Assignment:
Your answer must hold only the lines below from the line containing "拔得新一轮衡阳网红头筹者,是拥有1500多万粉丝的高小健。" through the line containing "Westland Houseplant Droplet", each reproduced exactly.

Dataset records:
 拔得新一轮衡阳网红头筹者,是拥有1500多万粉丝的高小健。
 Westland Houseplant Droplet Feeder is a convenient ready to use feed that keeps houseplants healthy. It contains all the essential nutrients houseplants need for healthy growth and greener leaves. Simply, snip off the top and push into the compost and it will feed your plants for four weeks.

---

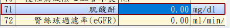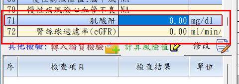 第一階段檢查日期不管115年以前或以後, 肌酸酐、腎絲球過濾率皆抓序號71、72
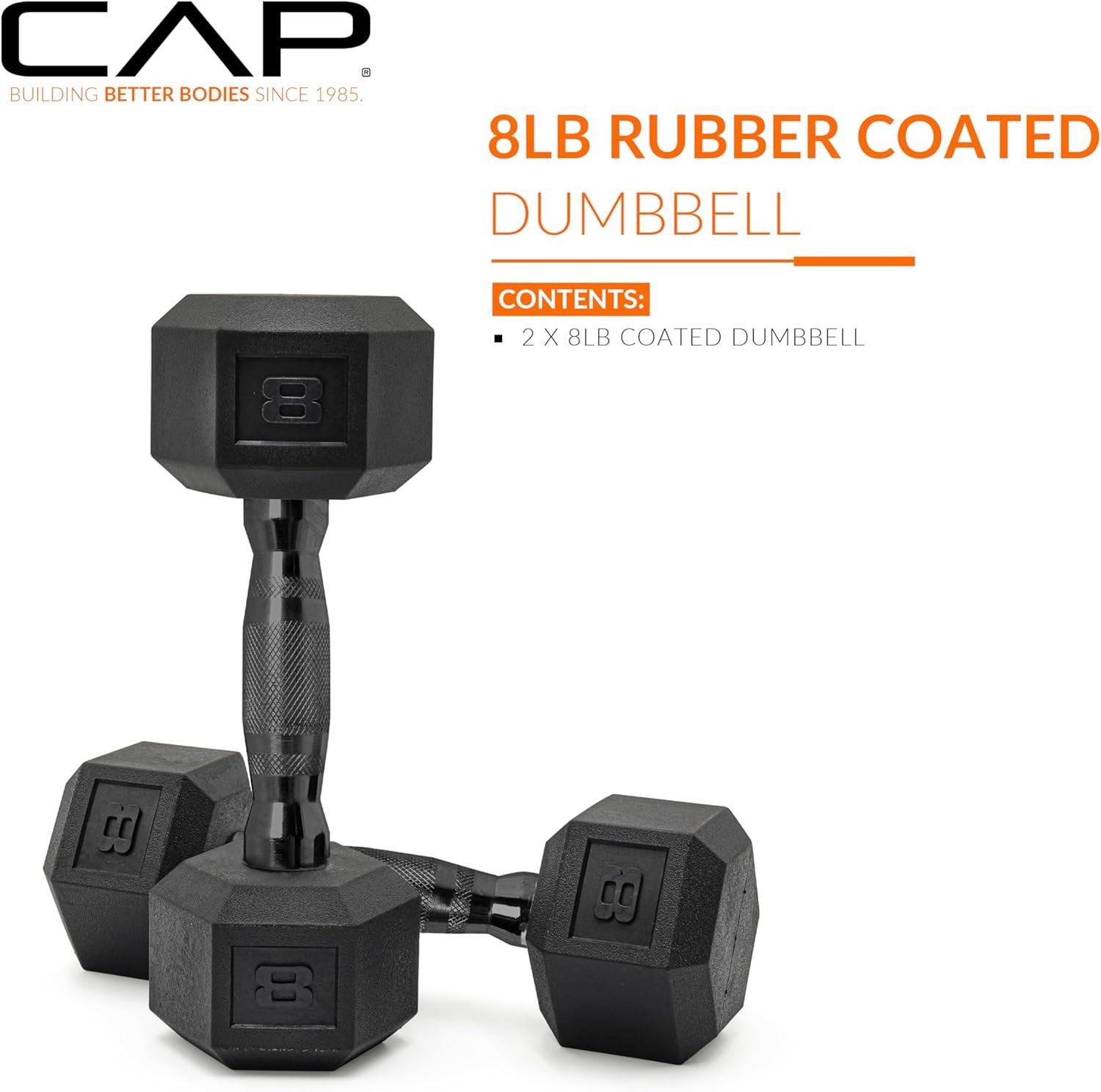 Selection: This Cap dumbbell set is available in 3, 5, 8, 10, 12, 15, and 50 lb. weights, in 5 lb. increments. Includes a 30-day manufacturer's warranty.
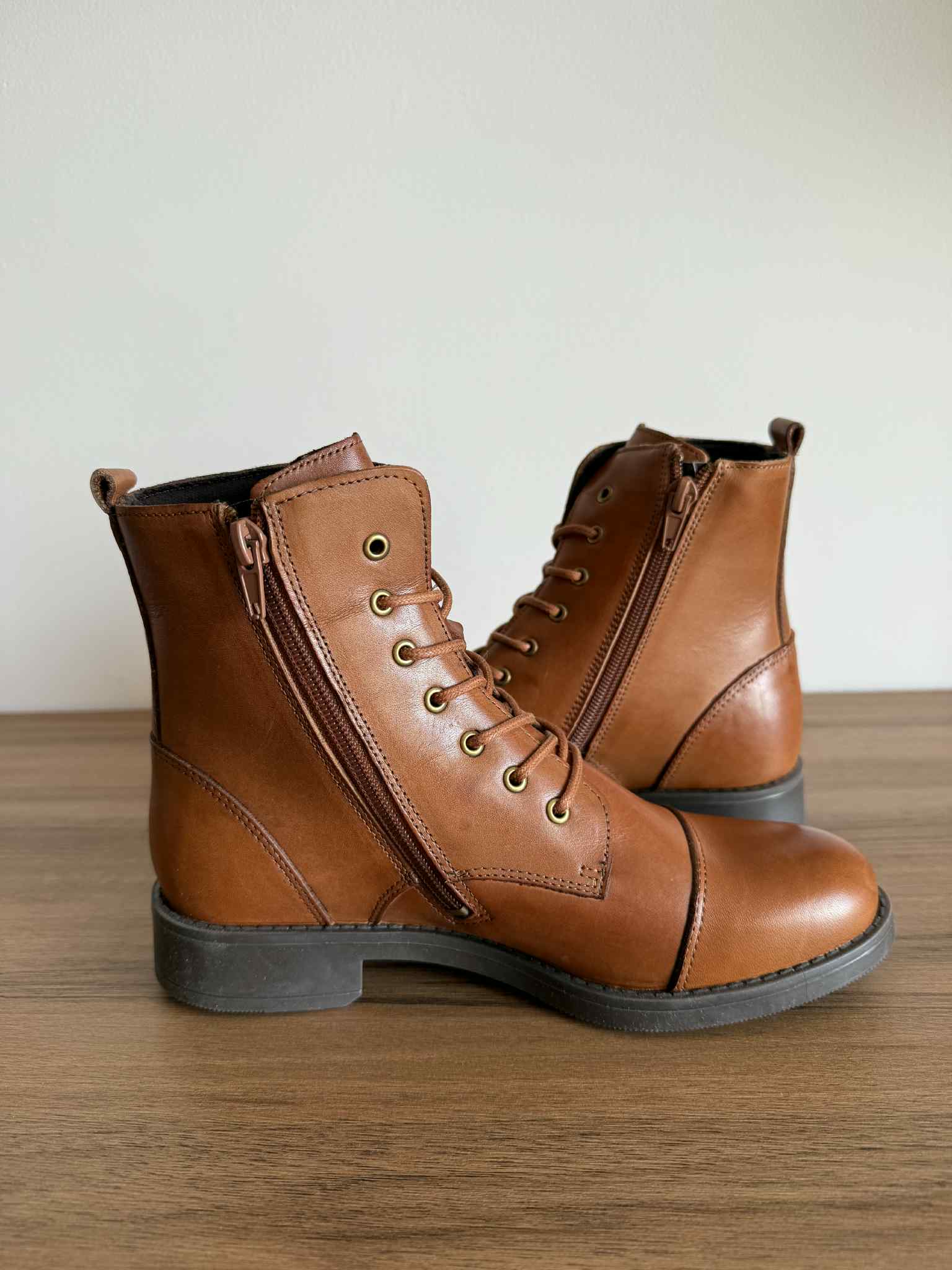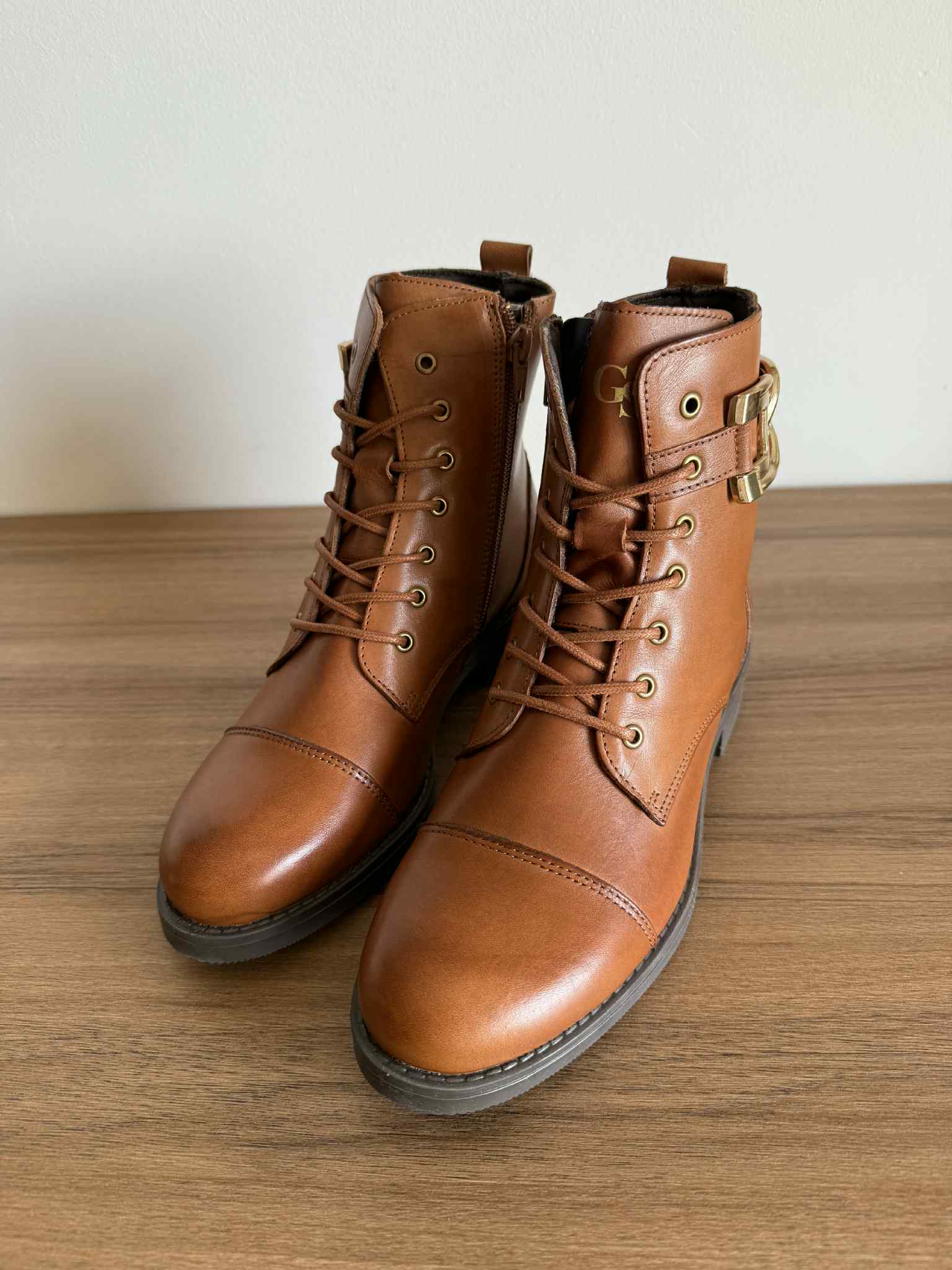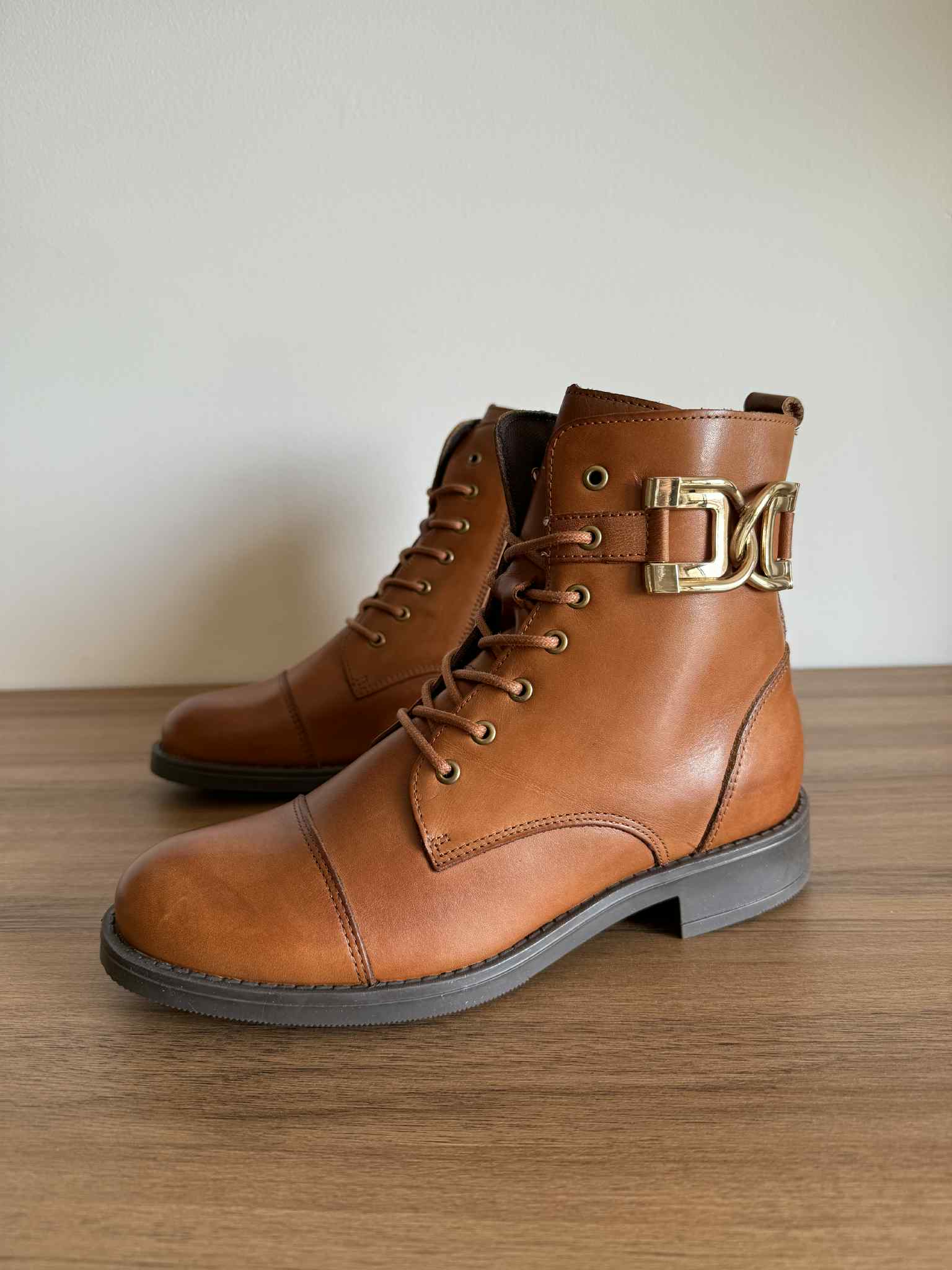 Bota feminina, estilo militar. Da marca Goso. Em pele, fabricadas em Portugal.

Result of this task:
 拔得新一轮衡阳网红头筹者,是拥有1500多万粉丝的高小健。
 Westland Houseplant Droplet Feeder is a convenient ready to use feed that keeps houseplants healthy. It contains all the essential nutrients houseplants need for healthy growth and greener leaves. Simply, snip off the top and push into the compost and it will feed your plants for four weeks.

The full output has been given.